02/04/2026
** Horse owners**
There’s currently a UK Government consultation on reform of the Veterinary Surgeons Act. This really matters because it will influence how veterinary care teams are regulated in future — including how different professional titles are used, what “scope of practice” looks like, and how animal welfare and public protection are safeguarded.
At EDC, we strongly support a multidisciplinary team approach for veterinary care, especially in equine dentistry. Qualified Equine Dental Technicians (EDT's) can play a valuable role in routine maintenance within a clear scope. But it’s important that veterinary surgeons remain the clinical leaders of the team, for one simple reason: training and accountability.
A veterinary degree is a whole-animal medical and surgical education. Over 5 years, vets learn anatomy, physiology, pathology, pharmacology, diagnostic reasoning, pain recognition, imaging principles, anaesthesia/analgesia, infection control, complications, and emergency management — across all body systems. That breadth is extremely important, even in “routine” dentistry because routine dental work often involves holistic care and bigger questions:
Is the horse in pain, and why?
Is sedation appropriate, and what are the risks (only vets may legally give or prescribe sedation)?
Is this actually a dental problem — or musculoskeletal, neurological, metabolic, sinus or systemic disease?
What’s the correct escalation pathway if we find a diseased tooth, a non-vital pulp defect, a fracture, or advanced periodontal disease?
Equine dentistry is not only rasping. It includes diagnosis, interpretation, decision-making, safe sedation / pain management, and the management of complications. Those are fundamentally veterinary responsibilities, taught to veterinary surgeons over a 5-year university training period.
We have seen claims that EDTs have “higher level” training than vets. That can sound persuasive — but it confuses depth in a narrow skillset with overall clinical training and responsibility. EDT training is typically highly focused on practical routine dental maintenance / rasping. Veterinary training is significantly broader and medically grounded, and that foundation is exactly what allows vets to deliver safe, holistic care and to recognise when routine becomes complex.
In addtion, there’s a further “top tier” within veterinary practice: vets who have pursued advanced postgraduate training. At Equine Dental Clinic, our specialists have spent many additional years in supervised training, undergoing examinations, and high caseload referral work to develop deep expertise specifically in equine dentistry. In the same way you’d expect a specialist surgeon to lead in complex orthopaedics, you should expect appropriately trained dental specialists to lead in advanced dental disease.

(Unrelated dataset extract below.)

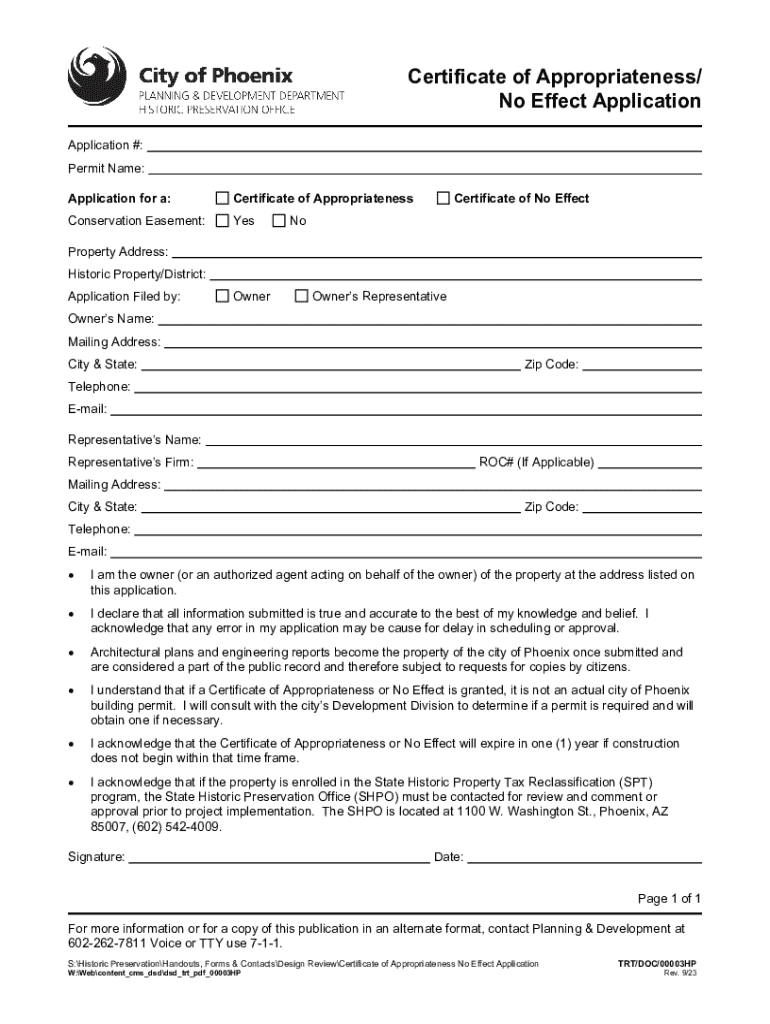Get the free Certificate of Appropriateness/ No Effect Application
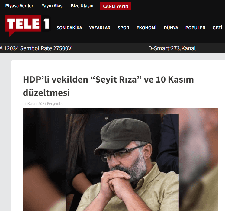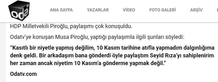 "Kasıtlı bir niyetle yapmış değilim, 10 Kasım tarihine atıfla yapmadım dalgınlığıma denk geldi. Bir arkadaşım bana gönderdi öyle paylaştım. Seyid Rıza’yı sahiplenirim her zaman ancak niyetim 10 Kasım’a gönderme yapmak değil."

So our message to owners for this consultation is simple:
1. Support a regulated team approach — collaboration, not replacement.
2. Ask for clear protected titles and clear scope of practice.
3. Expect vets to remain responsible for diagnosis, prescribing, sedation/anaesthesia, advanced procedures, and complications.
4. And for complex cases, seek clinicians with the highest level of training and experience in that field.
If you have a view, please consider responding to the consultation. Constructive owner feedback helps ensure regulation protects horses, supports access to care, and keeps standards high.
The consultation link can be found here:
https://consult.defra.gov.uk/reform-of-the-veterinary-surgeons-act/consultation/
Here is our mini-response that owners can use or adapt that contain key elements of the above and will ensure that future care of your horse remains led by the most suitably trained and qualified perons:
"As a horse owner, I support modernising regulation to protect animal welfare and public confidence. I value a multidisciplinary veterinary team, but I want clear scope of practice and protected titles so owners can make informed choices.
I support risk-based delegation of low-risk routine procedures within a defined scope, with consistent standards, CPD and accountability. However, diagnosis, clinical decision-making, prescribing medicines, sedation/anaesthesia, and management of complications should remain under veterinary responsibility.
In dentistry, “routine” can quickly become complex (pain, sedation risk, non-dental disease, fractures, pulp/apical disease), and I rely on veterinary training and referral pathways to keep my horse safe."